- Born: 15 May 1910 Astara, Lankaran Uyezd, Baku Governorate, Russian Empire
- Died: 19 November 1963 (age 63) Astara
- Military career
- Allegiance: Soviet Union
- Branch: Red Army
- Service years: 1941–1945
- Rank: Senior sergeant
- Unit: 9th Mechanized Corps
- Conflicts: World War II Battle of the Caucasus; Battle of Kiev; ;
- Awards: Hero of the Soviet Union

= Ilya Kaverin =

Soviet army senior sergeant (1910–1963)

Ilya Ananevich Kaverin (Russian: Илья Ананьевич Каверин; 15 May 1910 – 19 November 1963) was a Red Army senior sergeant and Hero of the Soviet Union. Kaverin was awarded the title for reportedly resisting German troops from his burned-out tank during the Battle of Kiev in 1943. He reportedly killed 30 German soldiers. After the war Kaverin was demobilized and returned to his native Astara.

== Early life ==
Kaverin was born on 15 May 1910 in Astara to a fisherman's family. He received primary education and worked as a fisherman.

== World War II ==
In 1941, Kaverin was drafted into the Red Army. He fought in the Battle of the Caucasus. In November 1943, he fought in the Battle of Kiev. Kaverin was a tank driver in the 74th Tank Regiment of the 71st Mechanized Brigade in the 9th Mechanized Corps. His tank reportedly broke through German lines but suffered a hit on its turret, killing the commander, gunner and signaller. Kaverin was reportedly the only survivor in the burning tank. He reportedly extinguished the flames and with a machine gun and grenades repulsed ten German attacks over the next days. Kaverin reportedly killed 30 German soldiers and after running out of ammunition returned to Soviet lines under cover of darkness. During the later battle for the village of Khotiv, Kaverin's tank reportedly destroyed a German infantry platoon and 12 vehicles. For his actions he was awarded the title Hero of the Soviet Union and the Order of Lenin on 10 January 1944.
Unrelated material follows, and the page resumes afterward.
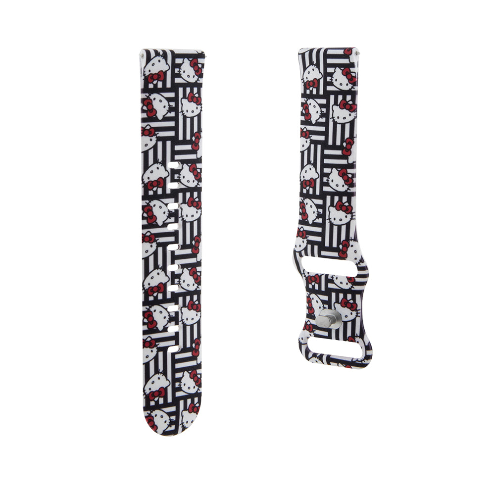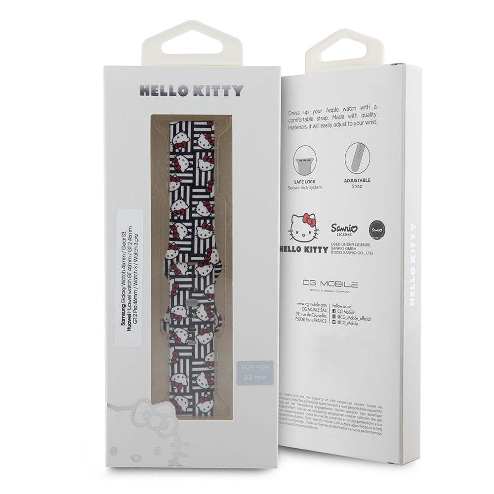 Bracelet Hello Kitty Silicone Kitty Heads & Stripes pour Samsung Galaxy Watch / Huawei Watch Series, Noir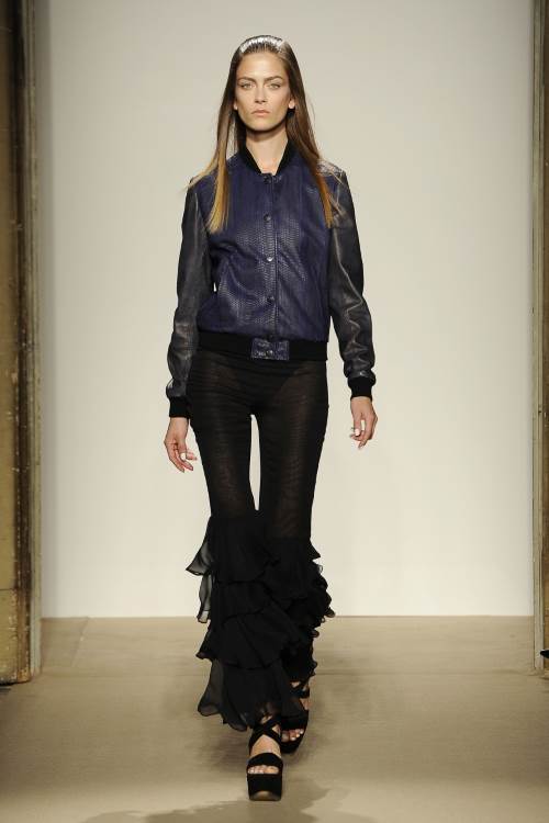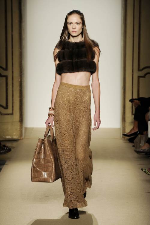 Simonetta Ravizza воплотила все модные идеи в своей коллекции на неделе моды весна-лето 2014 в Милане. Короткие и широкие меховые жакеты, хищные принты, деним и прозрачные юбки, расклешенные к низу брюки в стиле 70-х годов.

In 1944, he joined the Communist Party of the Soviet Union. On 14 May 1945 Kaverin was awarded the Order of the Red Star for his actions in the Battle of Berlin.

== Postwar ==
Kaverin was discharged with the end of the war with the rank of senior sergeant. He returned to Astara and worked on the Kitabinskom state farm. He died on 19 November 1963 and was buried in Astara.